Try connecting your modem/router to your PC via USB instead of the LAN port.


----------



## papul1993 (Nov 10, 2009)

Cool G5 said:


> Try connecting your modem/router to your PC via USB instead of the LAN port.


i think that would need drivers which are not present in the os.


----------



## puneetgarg (Nov 10, 2009)

well Krow told me this...so see if it could help
type pppoeconfig in terminal command line and configure ur network settings


----------



## Cool G5 (Nov 10, 2009)

papul1993 said:


> i think that would need drivers which are not present in the os.
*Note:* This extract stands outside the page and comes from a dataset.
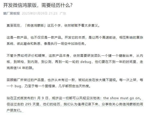 该文表示:“站在正式版发布的1月9日,或许这一切都可以风轻云淡地说:the show must go on。但这过去的295天里,他们的经历,我们认为值得记录下来,分享给关心微信鸿蒙版的用户朋友们。”

Yeah it might need drivers but sometimes the inbuilt drivers will work fine just as they are working for me.


----------



## azzu (Nov 10, 2009)

i will try pppoeconfig and ill report
and about the USB i dont have USB on my Model only wIfI and Lan


----------



## Krow (Nov 10, 2009)

Krow said:


> sudo pppoeconf in terminal





puneetgarg said:


> well Krow told me this...so see if it could help
> type pppoeconfig in terminal command line and configure ur network settings


The correct command is given above.



azzu said:


> i will try pppoeconfig and ill report
> and about the USB i dont have USB on my Model only wIfI and Lan


Please check command given in first quote in this post. That one worked for me on Jaunty Jackalope.


----------



## drsubhadip (Nov 12, 2009)

connect with ethernet ...or usb or lan..
by anything..

make ur modem on..
then in the terminal type "sudo pppoeconf"
type ur password in the next line..
follow the command..
 type ur  user name & password..
then net connected...
no use of or no need of drivers..
for the next time type "sudo pon dsl-provider"  next line the password..
that is it..

if it is not solving the problem..the type "ifconfig " in the terminal and paste the data  here so that we can see/....


----------



## Krow (Nov 12, 2009)

^the ifconfig data can be pasted directly in the configure a connection manually option.


----------



## nikomi (Jan 16, 2010)

Very Good post


----------